Hassan Sheikh gave Gomez complete assurance to strengthen bilateral relations and said that Pakistan is willing to export more textiles, cotton, optical photo, fish, vegetables, cereals, sugar, milling products, dairy products, sugar confectionery to Cuba in addition to electronic goods, leather products, pottery, furniture etc. and will import larger quantities of pharmaceutical products, inorganic chemicals and ores from the island nation.

==Military==
In March 2008, ambassador Gustavo Machin Gomez met General Tariq Majid, the Chairman of Joint Chiefs of Staff Committee (CJCSC) at Joint Staff Headquarters and discussed issues related to military cooperation. Both of them expressed positive views over the increasing relations between the two nations and were optimistic that the bilateral cooperation will expand in different fields. Majid stressed that Pakistan has formed strong defence infrastructure both in defence production and in shape of military academies to provide help and cooperation to the Military of Cuba. He also said that both countries should use their capacity for expanding military cooperation.

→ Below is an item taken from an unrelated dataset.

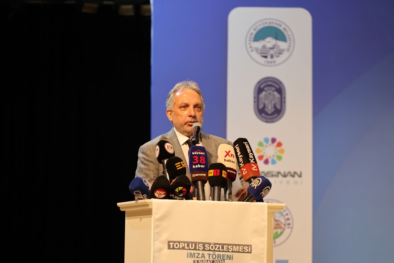 Kadir Has Kültür Merkezi’nde düzenlenen törene, Büyükşehir Belediye Başkanı Memduh Büyükkılıç, Melikgazi Belediye Başkanı Mustafa Palancıoğlu, Kocasinan Belediye Başkanı Ahmet Çolakbayrakdar, Talas Belediye Başkanı Mustafa Yalçın, Hacılar Belediye Başkanı Bilal Özdoğan, sendika yöneticileri, belediye bürokratları ve çok sayıda belediye işçisi katıldı. Törende konuşan Büyükşehir Belediye Başkanı Memduh Büyükkılıç, “Biz sade bir sözleşmeye imza atmıyoruz. Kayseri belediyeleri en çok yatırımı yapıyorsa, bu hizmetlerle gurur duyuyorsa, bunu sağlayan sizlersiniz. Hepimizin içine sinen bir imza atılmıştır. Sizlere minnettarız, teşekkür ediyoruz. Kurumlarımızla, şirketlerimizle, KASKİ’mizle, tüm belediyelerimizle bu şehri daha iyi bir noktaya taşıyacağımıza yürekten inanıyorum. Bizlere bu gücü veren Kayseri hemşehrilerimize de ayrıca teşekkür ediyorum” diye konuştu.

==Gomez at IPS conference==
In May 2008, while giving a speech at the Institute of Policy Studies (IPS) in Islamabad, Gomez said that 356 students from Pakistan had completed their first year study in Cuba and a next batch was in the process of being sent. Khurshid Ahmed, the chairman of the IPS, who was also a member of the Jamaat-e-Islami (JI), said that facing the United States, Pakistan "has something to learn from Cuba". He also said that anti-imperialism was the most significant aspect of the struggle of Cuba, declared "Cuba has shown it is possible for the weak to stand up and resist a superpower" and concluded "we are playing second fiddle to the US in its games. Pakistan has to delink from its slavish policy".